A fast, offline reverse geocoder in Python. This implementation uses a parallelised K-D tree and the details of this implementation will be presented. The key feature is speed; 10 million coordinates can be geocoded in less than 30 seconds. The library is released under the LGPL license and is available at https://github.com/thampiman/reverse-geocoder.
Reverse geocoding using online web services such as Google Maps is incredibly slow and is also restrictive in terms of the number of requests that can be made per day. Offline reverse geocoders have been built for PostGIS databases and also Python but are either complicated or slow. In this talk, I will be presenting a fast, offline reverse geocoder in Python. The basic outline of the talk is presented below.
The library improves on an existing one built by Richard Penman in the following ways:
- It supports Python 2 and 3.
- It geocodes a lot more location information. Besides the place name, city and country, the library returns the administrative regions (1 & 2) and the nearest latitude and longitude.
- But the key enhancement is performance. The library extends the K-D tree class in the scipy package and implements a parallelised version of it.
This reverse geocoder is released under the LGPL license and is available here.

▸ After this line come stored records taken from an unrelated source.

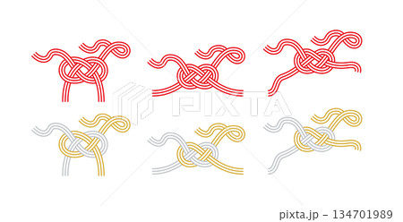 一套用於馬的水引繩,非常適合新年賀卡和與馬有關的慶祝活動(賽馬、騎馬俱樂部、牧場)
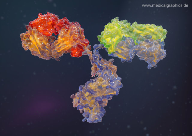 Illustration eines Antikörpers (Immunoglobulin) als gläsernes Oberflächenmodell mit angedeuteten, tieferliegenden Bändermodell auf dunklem Hintergrund. Antikörper sind Proteine, die von den B-Lymphozyten produziert werden, um an Erreger oder Fremdstoffe zu binden und diese zu neutralisieren oder um weitere Maßnahmen des Immunsystems zu ermöglichen. Die Abbildung basiert auf Strukturdaten von Harris, L.J., Larson, S.B., Hasel, K.W., McPherson, A
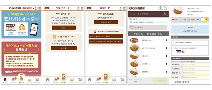 モバイルオーダー機能は、2021年10月1日より全国の『カレーハウスCoCo壱番屋』(一部店舗を除く)で運用を開始しており、店頭での即時注文/入店前の事前注文が可能な店内オーダーと、お客様のご都合に合わせて店頭/店舗駐車場で受け取りが可能なテイクアウトオーダーに対応しています。
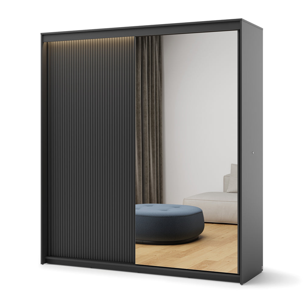 by fonQ Brive Kledingkast met 2 Schuifdeuren en Verlichting - Zwart

The first time the library is called, information on places with a population greater than 1000 is downloaded from the Geonames database, and it is stored locally. The GPS coordinates of these places are populated in a K-D tree and the nearest neighbour (NN) algorithm is then used to find the place closest to the input GPS coordinate. The scipy package provides a K-D tree class and this is extended to implement a multi-process version. In this talk, I will be presenting details of this implementation. A basic background in Python, numpy, multi-processing and shared memory is assumed. The K-D tree class in the scipy package supports only the Minkowski p-norm distance for the NN algorithm. Although this has not been released publicly, I will also be presenting a version of the library using the haversine formula for much more accurate geocoding.

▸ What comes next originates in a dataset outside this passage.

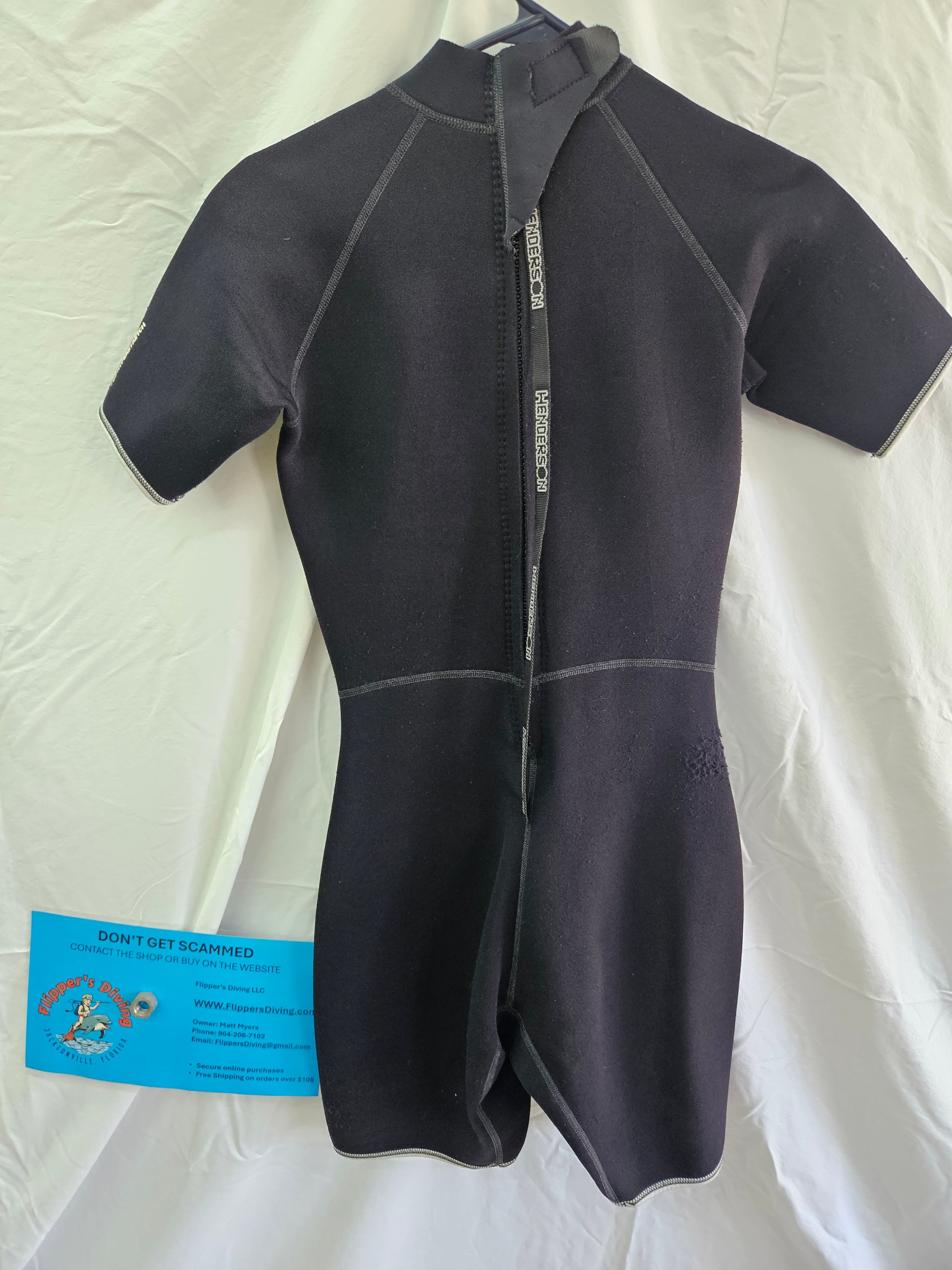 Henderson 3mm Shorty Wetsuit (Size 6), good condition, some scuffed fabric on the hips... see photo.

The library supports two modes:
- Single-process mode (Mode 1)
- Multi-process mode (Mode 2): The default mode
A performance comparison of the two modes on a quad-core Macbook Pro is shown below.

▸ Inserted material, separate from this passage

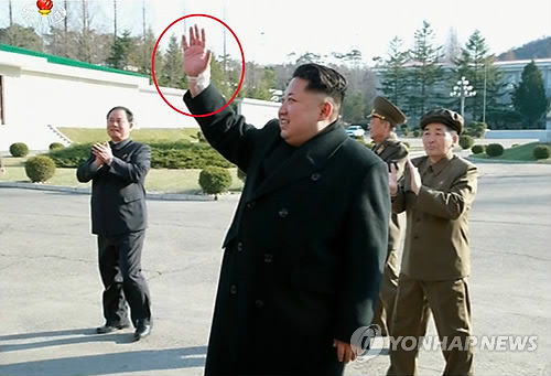 | △ 북한 김정은, 오른 손목에 부상…거즈와 반창고 붙여 (서울=연합뉴스) 평양약전기계공장을 방문해 공장 직원들을 향해 손을 흔드는 김정을 국방위원회 제1위원장의 오른손 손목 부분에 흰색거즈와 반창고가 붙어 있다. 작년 발목에 이어 또 부상을 입은 것으로 보인다. |

Mode 2 runs 2x faster especially for large inputs, i.e. 10M coordinates.
In this part of the talk, I will discuss how the library is being used at OpenSignal, where I work as a data scientist. The main purpose for building the library was to be able to geocode terabytes of data (approx. 500M coordinates). Speed was therefore crucial. I will discuss methods on geocoding at this scale in real-time and also offline. I will also talk about how this open-source library is being used by the community.
Contributions by the Community
Since its release on Github on 27-Mar-2015, the open-source community has also been instrumental in testing, fixing bugs and implementing additional features. In this part of the talk, I will given an overview of the following two major changes made by other developers:
- Python 3 support, and
- C++ wrapper for the Python library.